Dave and Greg were at the street door ahead of their young leader. None of the boys paused longer, for Mrs. Dexter was already at her telephone.
Out in the street the three Grammar School lads raced along the sidewalk until they reached the house of the Graham family. The cab was gone.
"We can find that cab anywhere," declared Dick. "Any one else would recognize it. It had one brown, or dark horse, and one gray horse."
"I didn't notice the driver," stated Darrin.
"He was sitting inside the cab," spoke up Greg. "I didn't get a good look at him, either."
"Going to race on into Main Street?" asked Dave, as the three came to a street corner.
"Dexter would hardly drive right into the clutches of the police, would he?" pondered Prescott. "No; I think it'll turn out that he went the opposite way, out of town."
Saying this, Dick headed for the outskirts of Gridley, still keeping along at a dog-trot. Dave and Greg didn't talk now; they were husbanding their store of "wind."
After a short time all three boys had to slow down to a walk. That "pain in the side," which seizes all boys who try to run far without training and practice, had caught them. Still, they moved along as fast as they could go.
"Excuse me, mister," hailed Dick, halting the first man they met, who came strolling toward them, smoking a pipe, "have you seen a cab go by?"
"Yes."
"Oldish cab?" broke in Dave.
"One gray horse and one dark or brown?" breathed Greg.
"Yep."
"How long ago?" asked all three.
"'Bout two minutes ago. Why?"
"Which way did it go?" breathed Dick anxiously.
"Why, the driver stopped me," explained the man, taking out his pipe, "and asked if there was a drug store ahead in this part of the town. I told him he'd find one on the next block, around the next corner to the left. So——"
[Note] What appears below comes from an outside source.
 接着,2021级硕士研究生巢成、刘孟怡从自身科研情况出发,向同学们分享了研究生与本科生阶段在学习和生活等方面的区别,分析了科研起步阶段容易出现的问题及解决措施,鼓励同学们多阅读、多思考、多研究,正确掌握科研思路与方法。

"Thank you!" came politely from three breathless boys, and off they started again on a trot.
"Any one sick?" called the man after them. "Huh! Curious how excited those boys are!"
"Two minutes! I'm afraid horses will leave us far behind with that start," groaned Dick.
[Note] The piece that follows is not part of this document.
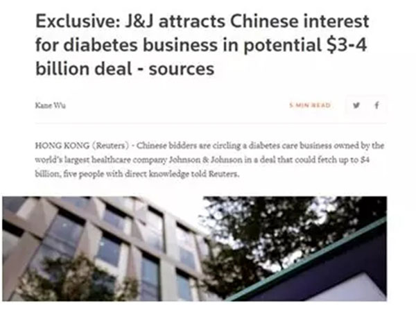 1月17日,路透社獨家重磅:中國買家正競購全球最大醫(yī)療保健公司強生(J & J)的糖尿病護理業(yè)務,交易價格或達40億美元(約合人民幣257億元)。買家包括中國的上市公司三諾生物和中國建投組成的一個聯(lián)合財團。

Then they turned around the corner. Ahead of them, in front of the little drug store, or rather, just past the entrance, stood the cab that occupied all their thoughts at the present time.
"There it is!" breathed Dick excitedly, as though forgetful of the fact that his chums had eyes also. "Come along—over on the other side of the street—in the dark."
In a twinkling all three lads had crossed stealthily to the further side of the little street.
"Oh, for a policeman!" appealed Dick. "Or any full-grown man, who would listen to us and have the grit to give us a strong hand."
"If Dexter has the little girl, and that's his cab, what has he taken her into a drug store for?" whispered Dave.
"We don't know that he has taken her into the store. We don't know anything until we see it," was Dick's answer. "Dexter didn't stop for a trifle. He isn't buying Myra a glass of soda, or anything like that."
The three boys were stealing down the street, on the further side, keeping close in the shadow of the buildings. They did not wish to risk being seen until they had had a chance for a good look at the cab and its possible contents.
Dick's reason for crossing the street had been that he had first caught sight of the driver standing on the sidewalk beside the cab. If he could get down close to the cab, and have that vehicle between himself and the driver, Dick hoped that he would have a chance to steal across the street and look inside the rig.
By good luck, combined with stealth, Dick, Dave and Greg succeeded in gaining a point on the street opposite the cab.
"Careful, now," whispered Dick, "one bad move might spoil everything."
On tip-toe they crossed. At a point midway in the street they halted a brief instant. From this point they could make out the unmistakable form of Ab. Dexter at the back of the drug store, walking to and fro as if waiting for something.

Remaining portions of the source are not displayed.